Crônica para se Reparar.
Hoje assumi minha verdadeira idade. Como se me despojasse para que alguém me adentrasse, tive a súbita consciência de que cheguei a mim. Hoje minhas retinas se afiaram e vieram à tona os fatos escondidos nas dobras do meu corpo, aguardando a chegada de meu espírito para que enfim se expressassem.
Hoje reparei no meu interesse pela velhice de uma lanchonete no Humaitá, que enfeita a esquina da ruela de casa. Tanto minha curiosidade, quanto a própria construção já estavam ali há tempos. Seja bem o tempo o senhor de nossos assuntos. Também ele me atenta a razão ao se mostrar rendido sob meus pés, me sustentando na completa serventia dos cubos mágicos dos paralelepípedos. Barbudo e alvo, cresce nas antigas luminárias e dessa vez me fita de cima, com olhos elétricos e tecnológicos, apesar do corpo gasto.
Reparei na boca dele. Contornada e bela, língua e dentes, pelos e rachaduras. Acontece que com a movimentação da imagem que capto, escapa-me a exatidão da vista e voo para a dimensão do som. Cego.

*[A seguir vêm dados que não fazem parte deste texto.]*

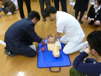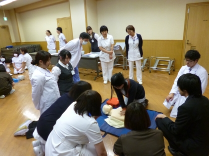 平成27年5月20日に、コメディカル・事務部門を対象とした新人職員救急救命講習会が行われました。一次救命処置を目的とした心肺蘇生法、AED、窒息の対応をパワーポイントで講義を受けた後、3グループに分かれて一連の流れを実際に体験してもらいました。今回は臨床に立ち会う機会が少ない部門が多い参加でしたが、実践を予定しての訓練を行い、緊急対応についての心構えと自信につながったようです。
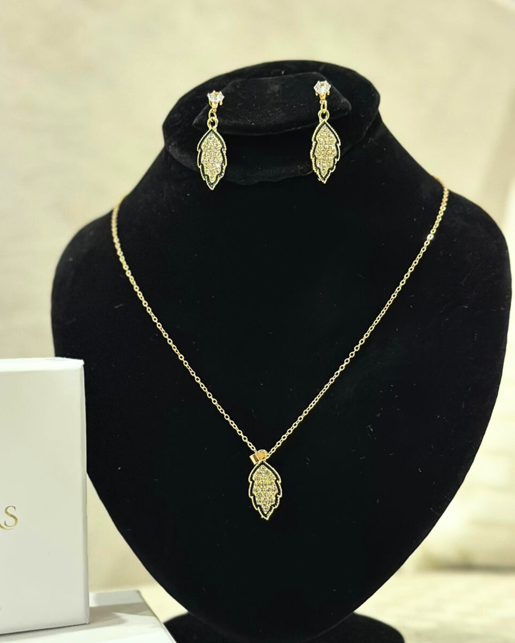Embrace nature-inspired elegance with our Golden Leaf Design Pendant Set. Featuring intricate leaf detailing in a radiant gold finish — perfect for everyday wear or special occasions.

O palco se apaga e uma solitária lâmpada se ascende no mundo. Vejo. Desenhos letrados escorrem com a força das águas e desembocam em minha mente. A silenciosa correnteza redemoinha para o meu interior o entendimento da boca, apesar de seu formato.
Reparei novamente, sem reparar que reparava no meu encantamento pela idade e pela inevitável indiferença dela. Quanto mais gastos os olhos, mais viva a imaginação. Dispenso e desprezo as coisas retilíneas e tal marca me acompanha pela própria biologia. Reparei então em minha condição de poeta e míope; não vejo a linha nítida que delimita a forma. Não rendo o meu olhar à geometria que comporta a vida nos traços morfológicos, pois que é fria e apática. Assim que a linha finita se esvai, o borrão escuro se anuncia e sonho vendo. E é aí que por fim reparo no entorno esfumaçado do fim do trilho, colorido pela ideia dele próprio e desenhado não pela linha externa, mas pela minha própria caneta.